Friend pleads guilty to fatally stabbing Solomon Morales during 2013 drunken argument over marijuana plant

By JORDAN OWEN
Chicago Sun-Times Wire

Christopher Shoji | Cook County Sheriff's Department

Christopher Shoji | Cook County Sheriff’s Department


A North Center neighborhood man was sentenced to 20 years in prison last week for stabbing his best friend, Solomon Morales, to death in 2013 after a drunken argument over a marijuana plant he was growing.

Christopher Shoji, 28, pleaded guilty Thursday to second-degree murder before Judge Joseph Claps, according to Cook County court records.

Shoji stabbed the 24-year-old Morales to death on the morning of Oct. 8, 2013, authorities said at the time.

Shoji, Morales and a female friend were drinking in the woman’s apartment in the 2000 block of West Warner when Morales and Shoji started arguing about the marijuana plant Shoji was growing in his mother’s backyard, prosecutors said.

Morales yelled at Shoji about the plant and the fight soon turned physical, prosecutors said. The woman told the men to leave because she didn’t want to get evicted from her apartment over the commotion, and when she eventually separated the men, Morales left the apartment with a beer can.

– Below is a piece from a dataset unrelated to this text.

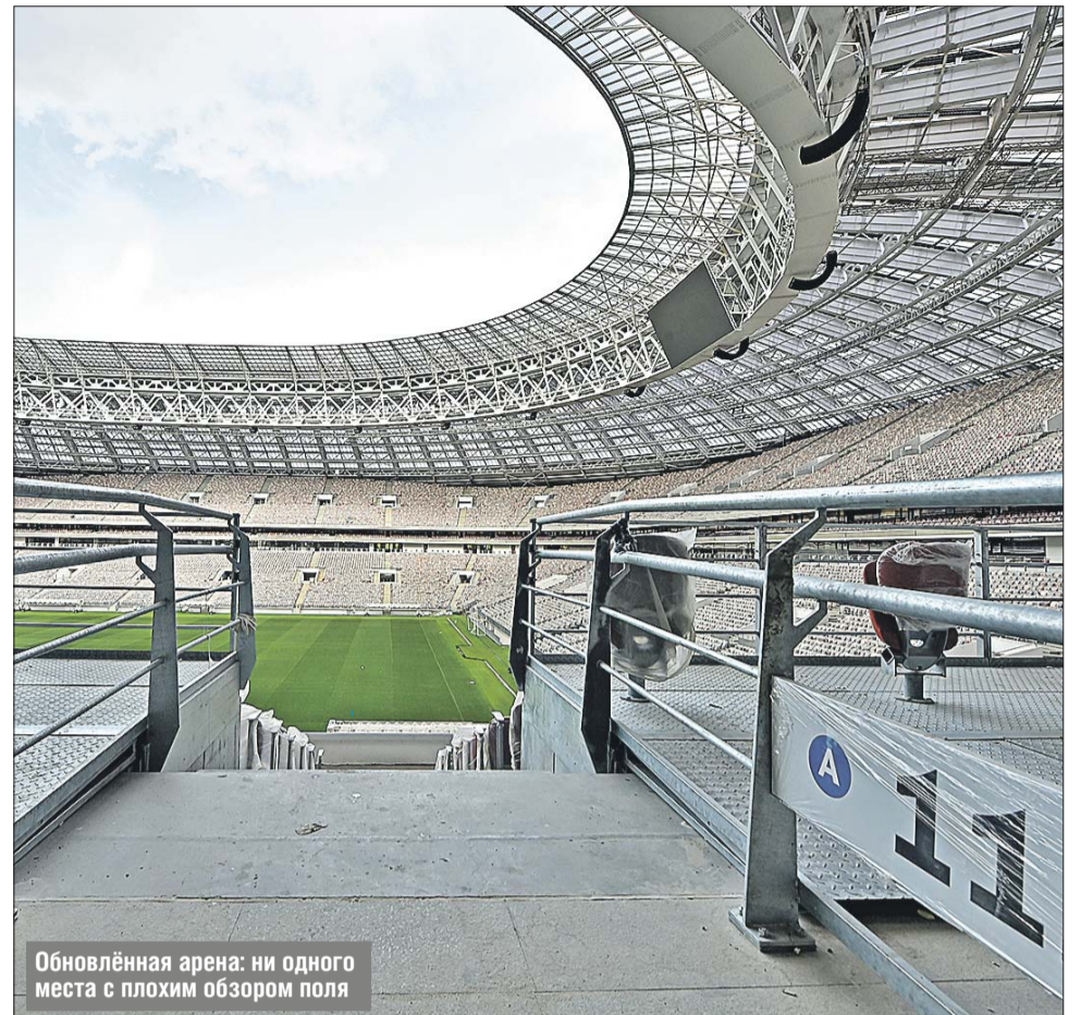
Обновлённая арена: ни одного места с плохим обзором поля

При этом мэр отметил, что работы на внешнем периметре безопасности Большой спортивной арены «Лужники» завершат досрочно.

Shoji grabbed a knife and followed Morales outside before stabbing him repeatedly in an alley, Croswell said. He told the woman he was scared Morales would “snitch” about his plant.

After Shoji stabbed Morales, he ran to his mother’s house and pulled the 4- to 5-foot marijuana plant out of the ground, prosecutors said. He then ran back to the friend’s apartment and hid with the plant in her closet, where police found him, prosecutors said. He had left the knife in his mother’s yard.

Morales, of the 4200 block of North Damen, died at Illinois Masonic Medical Center, where his family took him after he was able to walk home, leaving a trail of blood, prosecutors said. He knocked on the door and collapsed.

Claps sentenced Shoji to 20 years in prison Thursday, according to court records. He was booked into the Stateville Correctional Center on Friday.

Shoji will receive credit for 969 days served in the Cook County Jail, and was also ordered to serve two years of supervised release.